>>

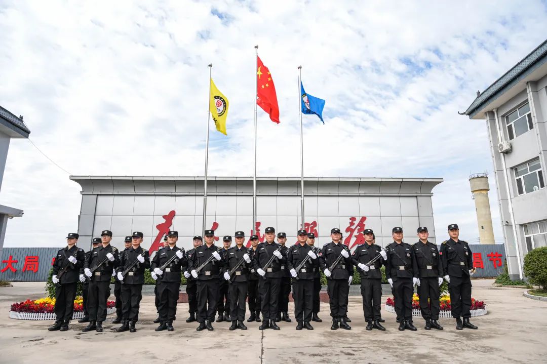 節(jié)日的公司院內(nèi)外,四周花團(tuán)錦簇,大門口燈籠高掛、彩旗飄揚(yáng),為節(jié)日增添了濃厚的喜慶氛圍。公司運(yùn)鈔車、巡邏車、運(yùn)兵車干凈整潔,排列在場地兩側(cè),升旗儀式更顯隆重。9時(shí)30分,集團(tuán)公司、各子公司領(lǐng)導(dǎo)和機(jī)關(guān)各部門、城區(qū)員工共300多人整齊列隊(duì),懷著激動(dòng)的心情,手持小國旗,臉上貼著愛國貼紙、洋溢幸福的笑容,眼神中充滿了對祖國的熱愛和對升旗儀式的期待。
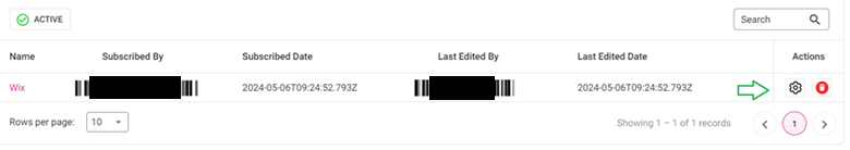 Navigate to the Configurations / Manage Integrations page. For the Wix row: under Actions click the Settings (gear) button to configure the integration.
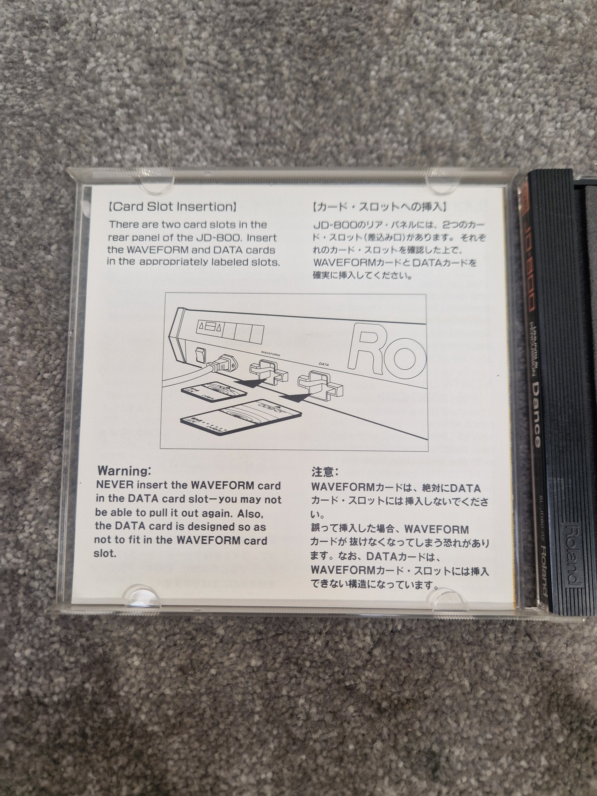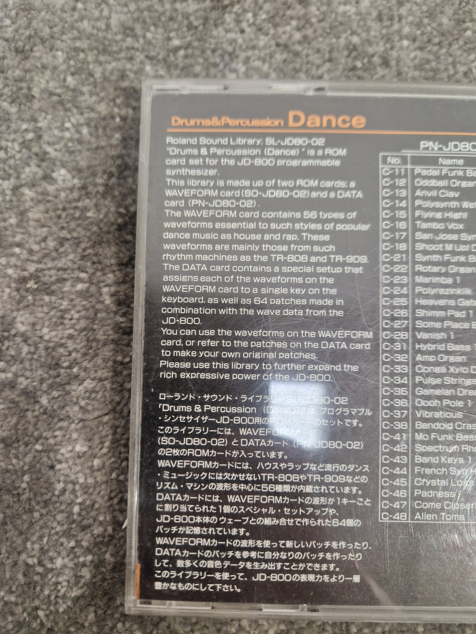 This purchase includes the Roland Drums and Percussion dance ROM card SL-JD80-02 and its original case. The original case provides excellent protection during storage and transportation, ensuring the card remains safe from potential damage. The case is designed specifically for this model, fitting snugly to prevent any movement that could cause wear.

<<

*Work order*. Write out exactly the lines above, from the very first through the line containing "Navigate to the", both kept, with the pictures removed.

*Result for this task*.
 節(jié)日的公司院內(nèi)外,四周花團(tuán)錦簇,大門口燈籠高掛、彩旗飄揚(yáng),為節(jié)日增添了濃厚的喜慶氛圍。公司運(yùn)鈔車、巡邏車、運(yùn)兵車干凈整潔,排列在場地兩側(cè),升旗儀式更顯隆重。9時(shí)30分,集團(tuán)公司、各子公司領(lǐng)導(dǎo)和機(jī)關(guān)各部門、城區(qū)員工共300多人整齊列隊(duì),懷著激動(dòng)的心情,手持小國旗,臉上貼著愛國貼紙、洋溢幸福的笑容,眼神中充滿了對祖國的熱愛和對升旗儀式的期待。
 Navigate to the Configurations / Manage Integrations page. For the Wix row: under Actions click the Settings (gear) button to configure the integration.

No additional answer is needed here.